Task brief: Each line in the material below, starting at the one with "한 청소년이 유니언 스테이션" and ending at the one with "Vous ressentez le", is to be reproduced exactly; no picture is to be copied.

Supplied records:
──────────────────────────────

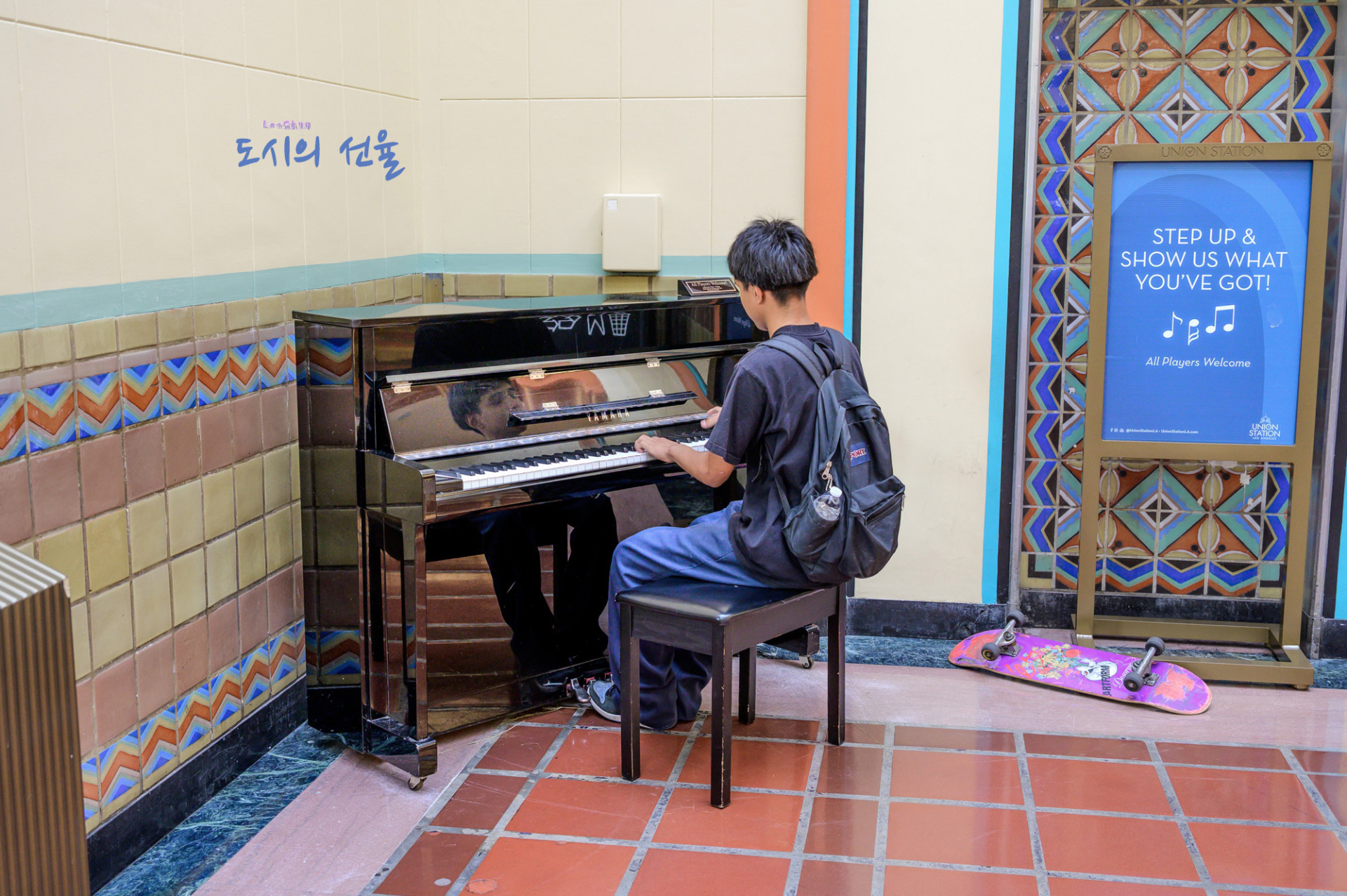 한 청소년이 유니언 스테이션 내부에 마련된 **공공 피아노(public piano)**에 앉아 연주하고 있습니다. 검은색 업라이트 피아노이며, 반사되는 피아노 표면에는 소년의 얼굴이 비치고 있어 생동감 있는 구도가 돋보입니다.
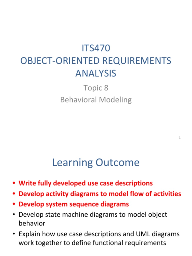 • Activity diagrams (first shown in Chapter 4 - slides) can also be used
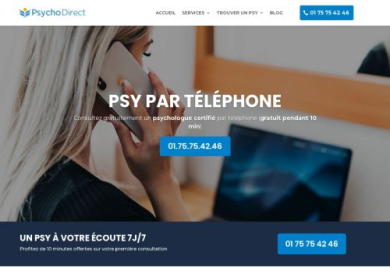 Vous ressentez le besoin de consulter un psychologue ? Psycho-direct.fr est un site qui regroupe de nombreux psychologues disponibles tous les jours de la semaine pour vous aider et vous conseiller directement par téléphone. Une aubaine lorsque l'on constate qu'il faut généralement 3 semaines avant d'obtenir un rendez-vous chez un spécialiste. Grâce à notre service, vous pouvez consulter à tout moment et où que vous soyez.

──────────────────────────────

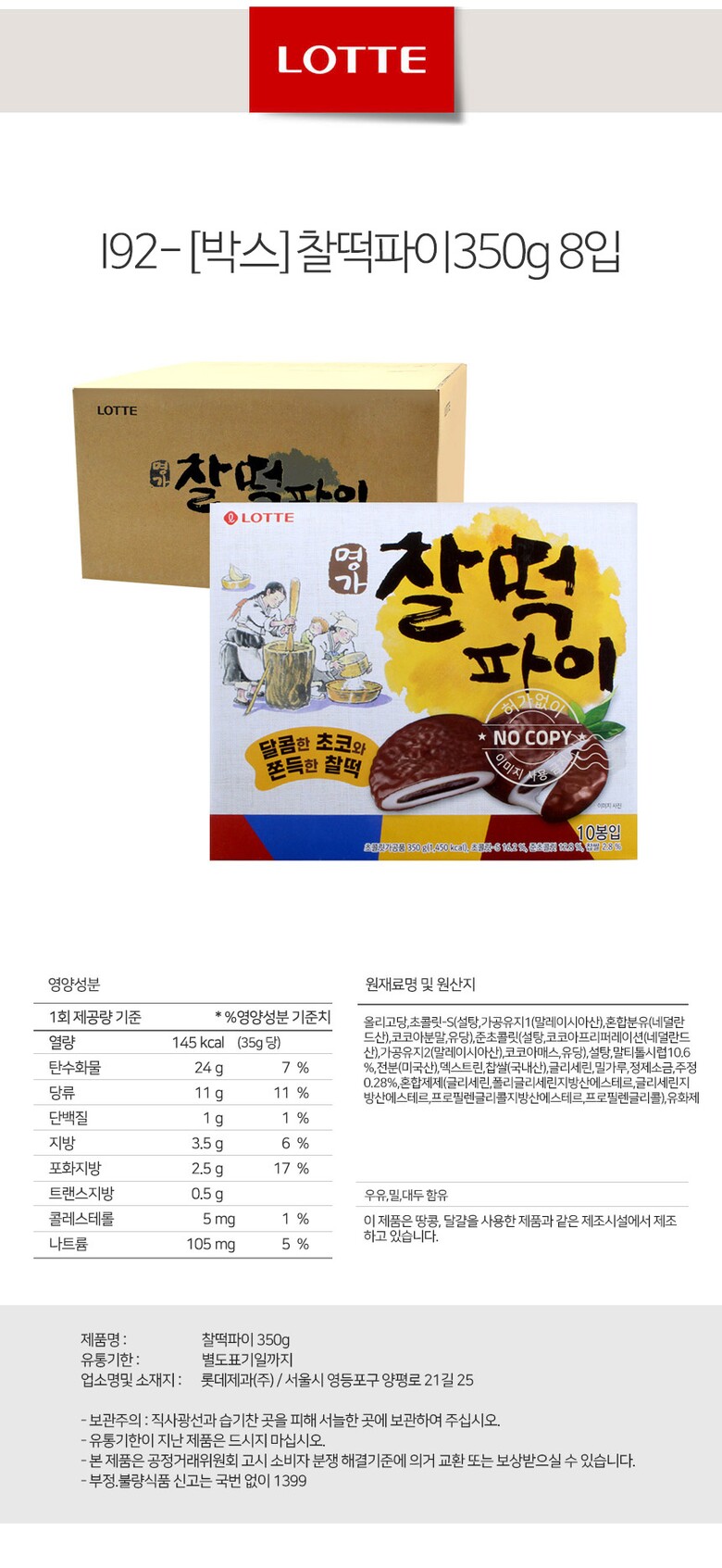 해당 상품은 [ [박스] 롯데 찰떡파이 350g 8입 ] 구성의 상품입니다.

──────────────────────────────

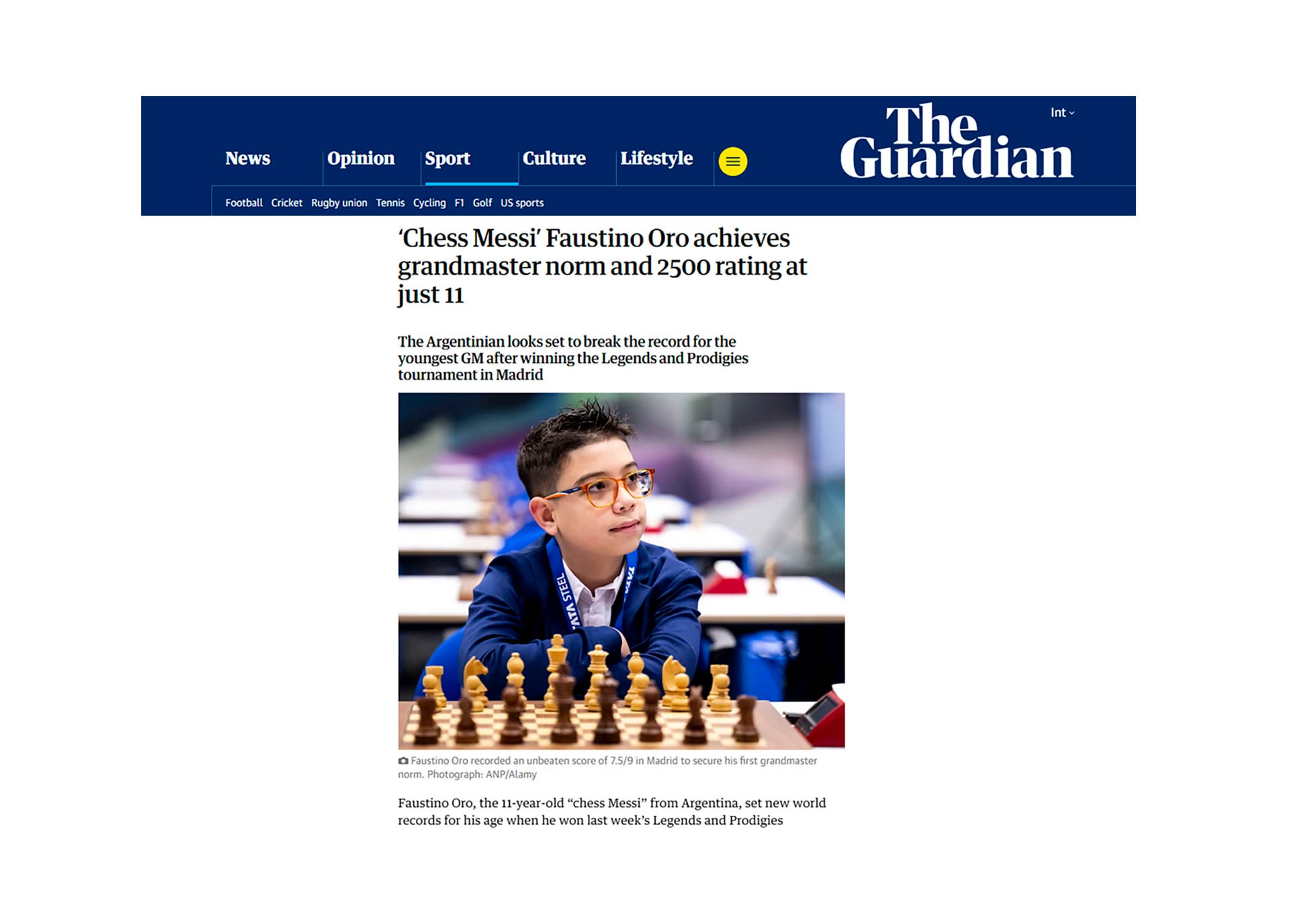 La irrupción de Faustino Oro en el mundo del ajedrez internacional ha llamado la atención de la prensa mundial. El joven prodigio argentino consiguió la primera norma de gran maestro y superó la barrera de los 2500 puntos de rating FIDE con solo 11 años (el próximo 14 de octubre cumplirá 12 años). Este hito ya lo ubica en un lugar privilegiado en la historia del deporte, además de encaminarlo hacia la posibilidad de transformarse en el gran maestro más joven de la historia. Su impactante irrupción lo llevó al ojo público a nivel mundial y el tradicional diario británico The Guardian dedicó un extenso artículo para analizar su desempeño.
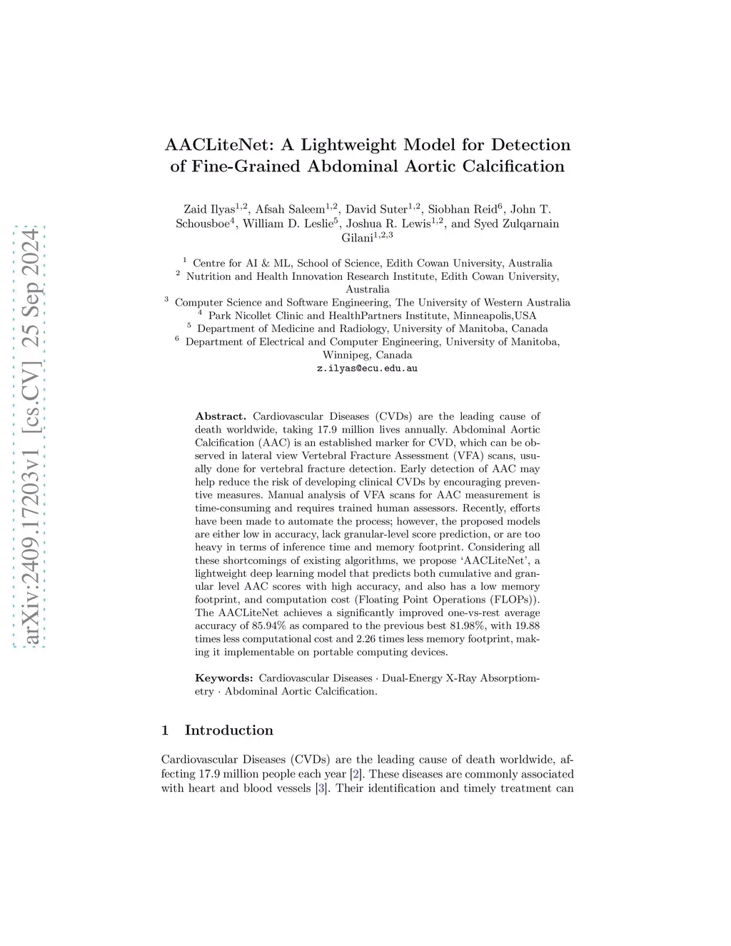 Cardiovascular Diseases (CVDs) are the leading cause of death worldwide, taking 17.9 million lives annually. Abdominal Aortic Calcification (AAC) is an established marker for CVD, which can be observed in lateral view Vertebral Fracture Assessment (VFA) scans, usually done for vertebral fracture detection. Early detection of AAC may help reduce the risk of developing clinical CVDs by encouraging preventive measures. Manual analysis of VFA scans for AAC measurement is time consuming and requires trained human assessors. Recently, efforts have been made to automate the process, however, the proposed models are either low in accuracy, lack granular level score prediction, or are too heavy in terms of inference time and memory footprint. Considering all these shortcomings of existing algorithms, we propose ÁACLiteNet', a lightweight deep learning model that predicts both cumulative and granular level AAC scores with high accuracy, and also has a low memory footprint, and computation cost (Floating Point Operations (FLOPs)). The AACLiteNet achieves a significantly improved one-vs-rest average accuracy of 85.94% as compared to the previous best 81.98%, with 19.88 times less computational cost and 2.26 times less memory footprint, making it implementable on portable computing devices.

──────────────────────────────

Answer for this exercise:
 한 청소년이 유니언 스테이션 내부에 마련된 **공공 피아노(public piano)**에 앉아 연주하고 있습니다. 검은색 업라이트 피아노이며, 반사되는 피아노 표면에는 소년의 얼굴이 비치고 있어 생동감 있는 구도가 돋보입니다.
 • Activity diagrams (first shown in Chapter 4 - slides) can also be used
 Vous ressentez le besoin de consulter un psychologue ? Psycho-direct.fr est un site qui regroupe de nombreux psychologues disponibles tous les jours de la semaine pour vous aider et vous conseiller directement par téléphone. Une aubaine lorsque l'on constate qu'il faut généralement 3 semaines avant d'obtenir un rendez-vous chez un spécialiste. Grâce à notre service, vous pouvez consulter à tout moment et où que vous soyez.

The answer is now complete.